Ann Arbor residents who consume energy drinks may become jittery about the recent reports that highly-caffeinated beverages may be to blame for several deaths. Federal officials have recently disclosed that they have received many reports of deaths that may involve the beverages 5-Hour Energy or Monster Energy.

Over the past four years, the highly-caffeinated energy shot 5-Hour Energy has been cited in the death reports of 13 people. Five deaths have been linked to Monster Energy over the past three years.

In addition to the fatalities, 5-Hour Energy has been mentioned in about 90  injury filings with the Food and Drug Administration, and more than 30 of these involve serious or even life-threatening injuries such as heart attacks.

Both companies have denied accusations that their energy beverages are responsible for the injuries and deaths. In a statement, the distributor of 5-Hour Energy explained that its product is safe when it is consumed as directed.
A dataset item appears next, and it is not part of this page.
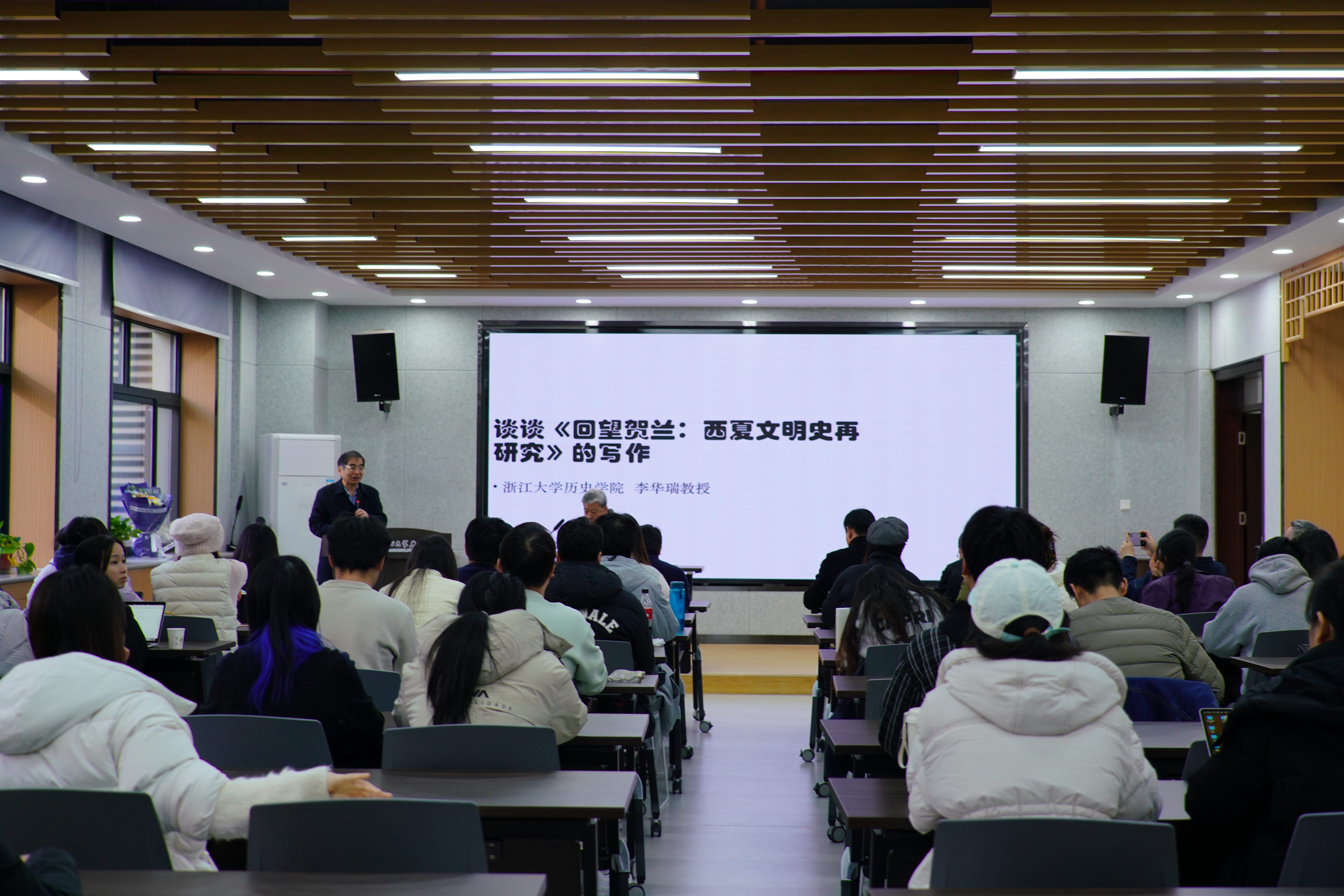 2025年11月20日,浙江大学敦和讲席教授、中国宋史研究会会长李华瑞先生做客我校“侯外庐学术讲座”第476讲,为师生们带来了《谈谈<回望贺兰:西夏文明史再研究>的写作》的学术讲座,历史学院王善军教授担任主持,校内外百余名师生聆听报告。

Somewhat oddly, the bottles of 5-Hour Energy do not list how much caffeine is in each bottle. A recent article said each bottle has about 215 milligrams of caffeine, which is the equivalent of roughly two cups of coffee.

Some lawmakers are saying that these incidents should spur increased regulation of energy products. Currently, some products are sold as beverages and regulated as such by the FDA, but others are sold as dietary supplements under completely different ingredient and reporting rules. For example, Red Bull is considered a beverage while Monster is a dietary supplement.

Regardless of the regulatory requirements, these companies may be held accountable and liable if their products are defective or dangerous, resulting in injury or death.